The Bury Ditches date from the Iron Age and during the first millennium BC it was a major centre of permanent settlement, consisting of many farmsteads. The visible remains are those of the defences, with two ramparts to the south where the land falls away steeply and four to the north. These defences were constructed in several stages over the life of the settlement.

 

A short track leads up from the car park to the south-east side of the fort where it is entered through a prolonged inturned entrance. This entrance would perhaps have been protected by and further fortified by a wooden tower whilst the ramparts themselves would have been revetted in timber.

 

Until 1976 the Bury Ditches were surrounded and hidden by a cloak of trees, but a storm blew many of them down. Seeing this as an opportunity the Forestry Commission further felled the remainder of the trees from the ramparts and ditches revealing the oval shape of the fort and protecting the archaeology beneath.
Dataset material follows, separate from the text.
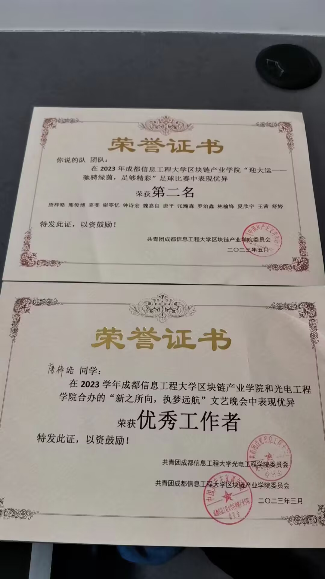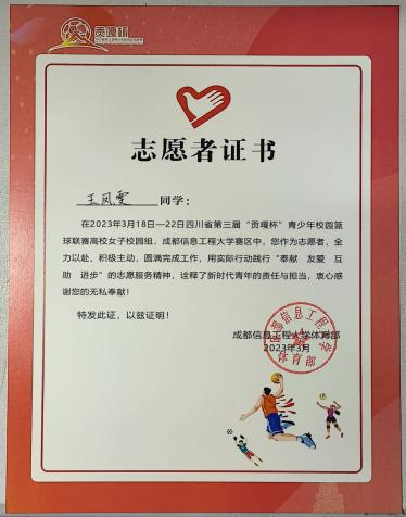 2.文体活动方面:班级在体育比赛上表现优异,第一学期在学院拔河比赛中取得三等奖,第二学期在足球比赛、篮球比赛分别赢得第二名、优秀奖的好成绩。此外,班级也鼓励调动同学进行社会志愿服务实践并有成员获得相关志愿成就,如“成都第31届世界老员工夏季运动会”、“第二届中国数字高峰论坛”等。这些成绩充分展现了班级的团队精神。

Even though we made our visit on a Bank Holiday with a great festival occurring in a nearby village and many people about for an afternoon stroll, we were able to soak in moments, no, minutes of peaceful quietness from this site, a stillness that makes this relic quite magical and unique. The views about are as impressive as they are expansive and of a wonderful fruitful and fertile greenness. We didn't find the golden thread that is supposed to be hidden here; so is I believe the golden horde to which the thread leads if followed. There was still warmth in the day as we descended the track returning to the car park, it was no doubt the Greenman's victory over the Frost Queen on the bridge at Clun that had served us so well.